NVIDIA GH200 Grace Hopper Superchip
NVIDIA GH200 combines the NVIDIA Grace CPU and Hopper architecture GPU, connected by a high-bandwidth NVIDIA NVLink-C2C interconnect running at a 900 GB/s bidirectional bandwidth. Additionally, Address Translation Services (ATS) allow CPU and GPU to share a single per-process page table, facilitating seamless memory access for both.
ZeRO-Inference
ZeRO-Inference reduces GPU costs of large AI models. It allows single GPU inference of massive models by offloading model weights to CPU memory or NVMe, reducing costs and making advanced AI models more accessible.
NVIDIA GH200 Benchmark
Our hypothesis is that ZeRO-Inference can leverage the NVIDIA GH200’s remarkably high bandwidth NVLink-C2C for CPU-offload, hence improving the overall performance of inference on large language models.

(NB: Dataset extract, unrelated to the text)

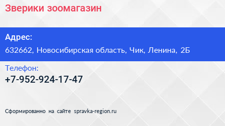 Зверики, зоомагазин по адресу 632662, Новосибирская область, Чик, Ленина, 2Б в дальнейшем Организация, размещена в следующих категориях:
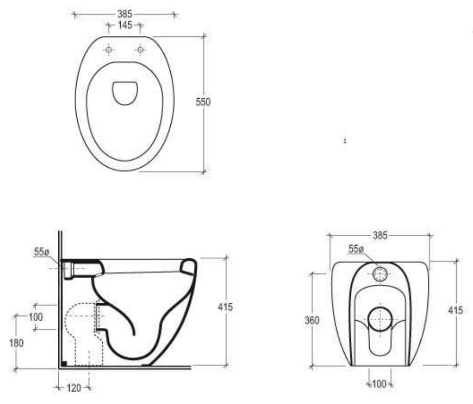 Высота чаши унитаза - 415 мм,

We first tested the Bloom 176b model with CPU-offload, where the NVIDIA GH200 Grace Hopper Superchip achieved significantly higher throughput compared to H100 and A100 GPUs, showcasing the benefits of its high bandwidth. Specifically, the GH200 produces 4-5x inference throughput of H100, and 9-11x inference throughput of A100, thanks to its significantly higher chip-to-chip bandwidth that removed the communication bottleneck for CPU-offload.
Our second benchmark tested the throughput with/without CPU-offload on the GH200, and saw if CPU-offload can produce overall higher throughput. The figure below shows that when the same batch size is used, CPU-offload inference indeed slightly reduces the throughputs. Nonetheless, CPU-offload also enables running inference with larger batch size (in this case, 32) and produces overall the highest throughput, 1.5x the highest throughput of inference without CPU-offload (using batch size 32, compared to batch size 16, the max without offload).
Conclusion
Our benchmark showed that efficient memory management is crucial for high throughput serving of large language models as it allows for batching of requests and reduces wasted memory. ZeRO-Inference, powered by the NVIDIA GH200 Grace Hopper Superchip, marks a major leap in AI inference technology. As AI models grow in size, this combination is increasingly essential, democratizing access to advanced AI models and opening new possibilities for computational efficiency and scalability.